Vehement gegen Schulschließungen positionierten sich auch das ÖGKJP-Präsidium und deren Präsidentin Kathrin Sevecke. Studien hätten „eindeutig belegt, dass die Pandemie die psychische Gesundheit junger Menschen deutlich beeinträchtigt“, unterstrichen die Experten in einer Aussendung.
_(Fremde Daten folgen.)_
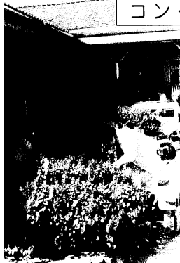
▲会長賞を受けた小鳩園の花壇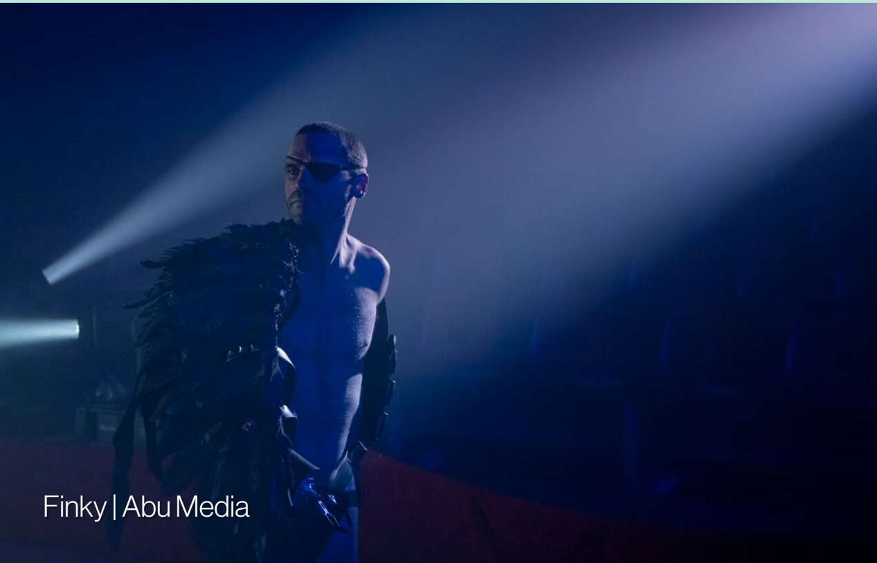
Finky | Abu Media

Samhlaímid earnáil léiriúcháin na Gaeilge a bheidh uailmhianach, a bheidh san iomaíocht go hidirnáisiúnta, a chruthóidh ábhar an-láidir do lucht éisteachta/féachana na hÉireann agus idirnáisiúnta agus a chothóidh gairmeacha na tallainne cruthaithí is fearr ar an oileán seo. Is féidir an fhís sin a bhaint amach, ach ní féidir linn é a dhéanamh gan fís agus tacaíocht an rialtais, agus go sonrach gníomhú ar na moltaí atá leagtha amach san aighneacht seo.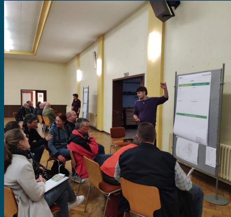
Workshop Gombeth, Singlis, Lendorf, 15.05.2023 Gemeinschaftshaus Gombeth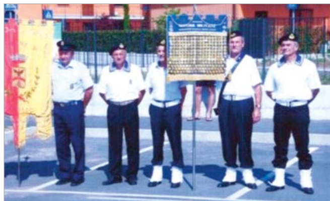
Il Medagliere della Marina – Alfieri e scorta del Gruppo di Paloscolo S. O.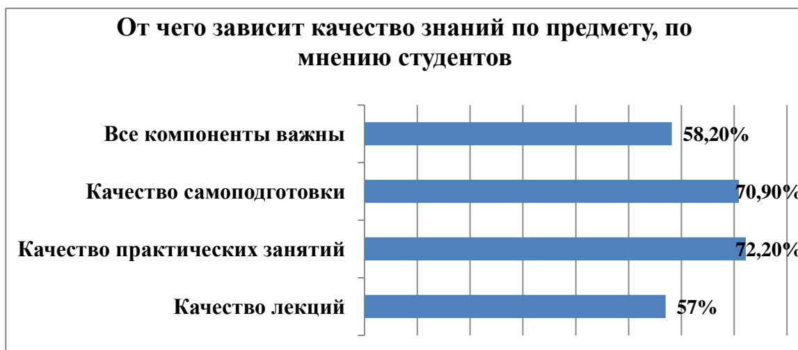
Рис. 3. Изучение факторов, влияющих на качество знаний.

При анализе анкетирования с помощью коэффициента корреляции Пирсона была выявлена положительная взаимосвязь между количеством часов, потраченных студентами на подготовку, выполнением письменных работ и успешностью сдаваемых зачетов. Результаты приведены в таблице (4).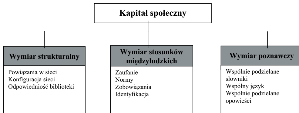
Rys. 1. Struktura kapitału społecznego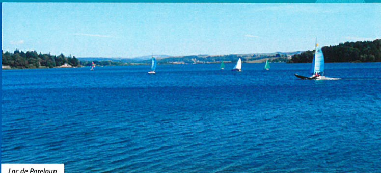
Lac de Pareloup

📍 Situation : Depuis Arvieu, prendre la direction barrage de Pareloup par la D4 56 puis la D4 577. Parking : se garer avant l'accès au bureau du SI à la plage Arvieu-Pareloup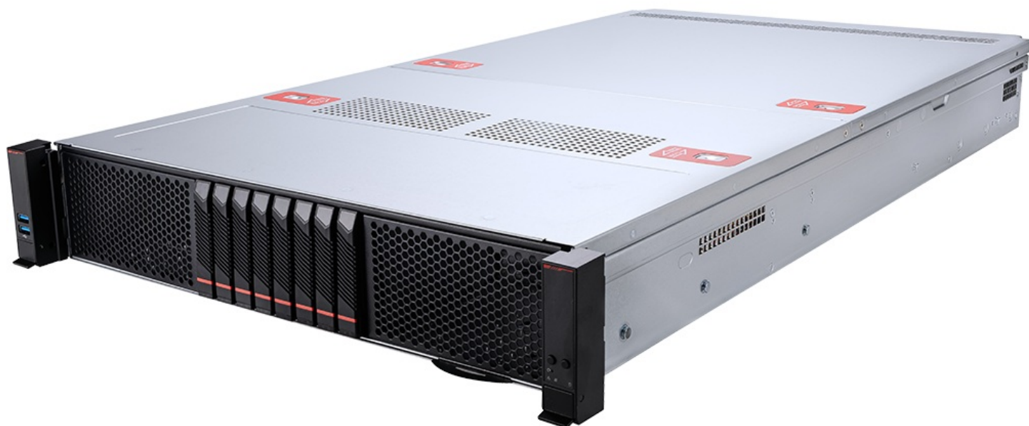
Фото MSI CX270-S5062 S5062X270RAU8 серверная barebone-платформа 2U Enterprise

Отправьте запрос на коммерческое предложение и получите индивидуальные цены и сроки поставки. Серверы, ноутбуки, моноблоки, материнские платы и видеокарты. Игровые ПК, мониторы и комплектующие. Каталог, актуальные цены, наличие и поставка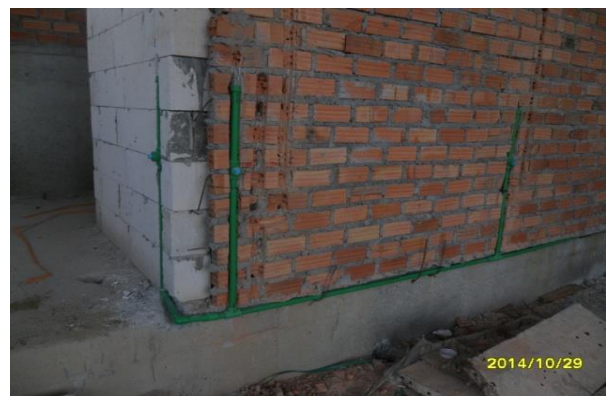
รูปที่ 12. งานเดินท่อน้ำดีภายในห้องน้ำ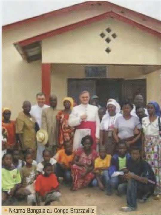
• Nkama-Bangala au Congo-Brazzaville

Au début de l'année 2009, pendant trois jours, une quinzaine de pèlerins ont visité Rome dans le sillage du fondateur de l'Opus Dei, au cours d'un voyage organisé par l'Association "Les Amis de Josémaria Escriva". Les pèlerins ont pu suivre les parcours que Josémaria Escriva, poussé par sa foi et son amour du successeur de Pierre avait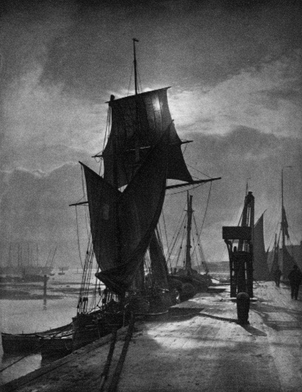
Frenk Medov Satklif, Sunce i pljusak , 1889–1891, fotografura, Digitalna kolekcija Muzeja umetnosti, Los Anđeles

Man sollte, so die ÖGKJP, „aus den bisherigen Fehlern gelernt haben“. Eine erneute Schulschließung würde aus Expertensicht „mit Sicherheit die psychische Gesundheit der Kinder und Jugendlichen weiter gefährden“. Zudem bestehe die Gefahr, dass emotional belastete junge Menschen, die noch nicht klinisch gefährdet sind, nun Symptome einer psychischen Erkrankung entwickeln.

Ebenfalls in der ZIB2 sagte die Bildungspsychologin Christiane Spiel, der Verlauf der Pandemie habe große Unterschiede bei den Schülerinnen und Schülern gebracht. Eine Gruppe komme besser zurecht. Andere hätten zu Hause hingegen keine Hilfe, Sprachprobleme oder engen Wohnraum. Sie seien oft „aus dem Lernen herausgefallen“. Sie zurückzuholen, stelle auch eine volkswirtschaftliche Herausforderung dar. Man könne es sich nicht leisten, „dass wir diese Kinder verlieren“, so Spiel.
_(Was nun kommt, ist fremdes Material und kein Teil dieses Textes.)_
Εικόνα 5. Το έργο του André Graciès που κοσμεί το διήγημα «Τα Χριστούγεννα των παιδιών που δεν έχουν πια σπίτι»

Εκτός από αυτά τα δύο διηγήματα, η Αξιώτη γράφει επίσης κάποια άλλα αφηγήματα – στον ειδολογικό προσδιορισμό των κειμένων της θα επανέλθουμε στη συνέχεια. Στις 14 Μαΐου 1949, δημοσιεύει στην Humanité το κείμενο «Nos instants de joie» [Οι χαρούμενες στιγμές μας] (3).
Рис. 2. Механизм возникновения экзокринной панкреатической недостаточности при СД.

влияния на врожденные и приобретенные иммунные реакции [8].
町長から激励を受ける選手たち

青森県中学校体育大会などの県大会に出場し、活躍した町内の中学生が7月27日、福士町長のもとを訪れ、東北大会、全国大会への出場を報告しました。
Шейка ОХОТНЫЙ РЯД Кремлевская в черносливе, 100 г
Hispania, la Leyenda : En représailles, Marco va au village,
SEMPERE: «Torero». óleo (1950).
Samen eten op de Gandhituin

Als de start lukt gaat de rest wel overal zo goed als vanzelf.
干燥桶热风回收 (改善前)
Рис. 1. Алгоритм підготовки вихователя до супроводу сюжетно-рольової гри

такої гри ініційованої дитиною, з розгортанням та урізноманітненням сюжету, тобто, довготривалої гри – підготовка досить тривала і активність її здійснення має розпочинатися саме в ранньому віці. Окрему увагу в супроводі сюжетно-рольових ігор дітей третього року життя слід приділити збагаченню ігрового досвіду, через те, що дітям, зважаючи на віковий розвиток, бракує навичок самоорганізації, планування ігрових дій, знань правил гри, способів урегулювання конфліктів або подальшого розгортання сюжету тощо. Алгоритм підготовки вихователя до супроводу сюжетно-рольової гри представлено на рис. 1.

Lehrkräfte mit hartem Urteil über System

Auch eine Mehrheit der Lehrerinnen und Lehrer sprach sich gegen weitere Schulschließungen aus. Das zeigt eine aktuelle Studie der Universität Wien. 60 Prozent bevorzugten die derzeitige Regelung mit offenen Schulen und Aufhebung der Präsenzpflicht, 37 Prozent plädierten dagegen für neuerliche Schließungen. Gleichzeitig bewerteten die Pädagogen das Schulsystem deutlich negativer als noch vor den Lockdowns.

Unter der Leitung von Susanne Schwab und Katharina-Theresa Lindner läuft derzeit die dritte Erhebungsphase einer Studie zum Thema „Inklusive Bildung während Covid-19“. Im Zuge dessen werden Lehrpersonen zu Erfahrungen und Einstellungen hinsichtlich der aktuellen bildungspolitischen Maßnahmen sowie ihres Arbeitsalltags befragt.

Als Grund für die Ablehnung von Schulschließungen nannten die Lehrkräfte vor allem das gemeinsame Arbeiten, die sozialen Interaktionsmöglichkeiten und das „Nicht-verloren-Gehen“ der Schülerinnen und Schüler. Eindeutig ist das Urteil der Pädagoginnen und Pädagogen über die Arbeitsbelastungen: 87,5 Prozent berichteten über einen (deutlich) erhöhten Arbeitsaufwand im Vergleich zu der Zeit vor Covid-19. 48 Prozent fühlten sich in der aktuellen beruflichen Situation stark belastet.